For all $x,h\in\mathbb{R}^n$, we have $f(x+h)=\vert x+h\vert^2(x+h)=(\vert x\vert ^2 +2(x\cdot h)+\vert h\vert^2)(x+h)=f(x)+(\vert x\vert^2 h+2(x\cdot h)x)+o(\vert h\vert ).$ Thus $f'(x)(h)=\vert x\vert^2 h+2(x\cdot h)x$.

Now for all $h,k$, $f'(x+k)(h)=(\vert x\vert^2+2 x\cdot k +\vert k\vert^2) h+2(x\cdot h+k\cdot h))(x+k)=f'(x)(h)+2(x\cdot k)h+ 2(x.h) k+ 2 (k\cdot h) x+\mathrm{negligible \ terms}$.

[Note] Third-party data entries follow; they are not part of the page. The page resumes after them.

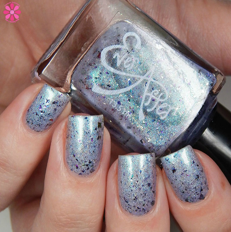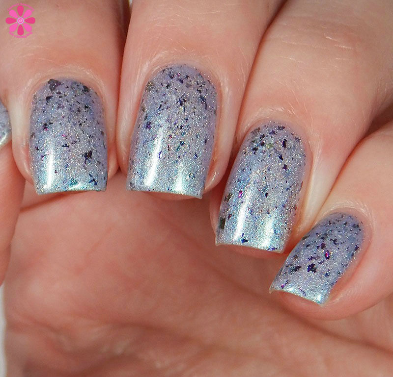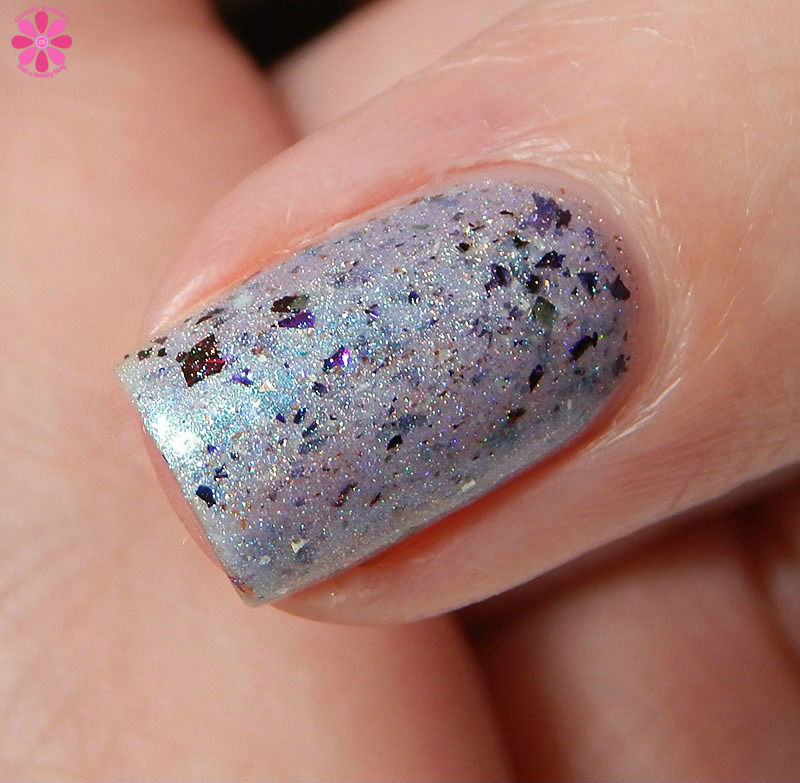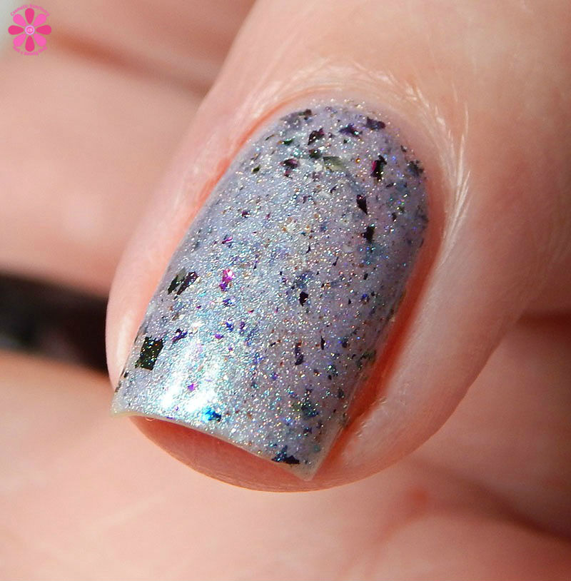 Ever After Polish I Want To Be A Part Of It is a is a dusty lavender creme linear holographic with multichrome flakes, silver micro flakes, and vibrant teal shimmer. I used 2 coats and a glossy top coat for these photos.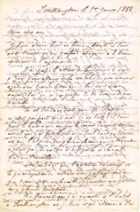 Gabriel FERRY (Louis de Bellemare dit, Grenoble 1809-1852, auteur de romans d’aventures, il meurt en mer le 3 janvier 1852 dans l’incendie du navire « L’Amazone », alors qu’il se rendait à San-Francisco pour suivre les aventures des chercheurs d’or) / Impressionnante lettre autographe signée « L. de Bellemare », car vraisemblablement l’une de ses toutes dernières, écrite avant de périr en mer : lettre de 3 p in-8 denses, à un ami, de Southampton le 1er janvier 1852, la veille de son embarquement fatal sur « L’Amazone » [George Sand, qui a préfacé la réédition posthume de 1863 de son ouvrage « Les Révolutions du Mexique », cite une autre lettre de Ferry du 1er janvier 1852 adressée à son fils, et raconte ses derniers héroïques instants]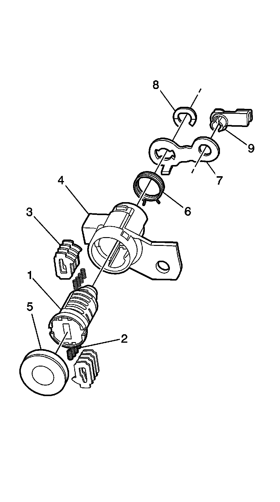 Important: The front side door lock cylinder tumblers (3) are not self-retaining and must be held in place if the key is not fully inserted into the lock cylinder or until the rotor (1) is assembled into the rotor case (4).

Hence $f''(x)(h,k)=2(x\cdot k)h+ 2(x.h) k+ 2 (k\cdot h) x$. If $(h,k)=(e_i,e_j)$, we then get $\dfrac{\partial^2f}{\partial x_i\partial x_j}(x)=2x_j e_i+2x_i e_j+\delta_{ij} x.$

Note that $f''(x)(h,k)$ is linear in $x$, so it is differentiable and $f'''(x)(h,k,\ell)=f''(\ell)(h,k)=2(\ell\cdot k)h+ 2(\ell.h) k+ 2 (k\cdot h) \ell$.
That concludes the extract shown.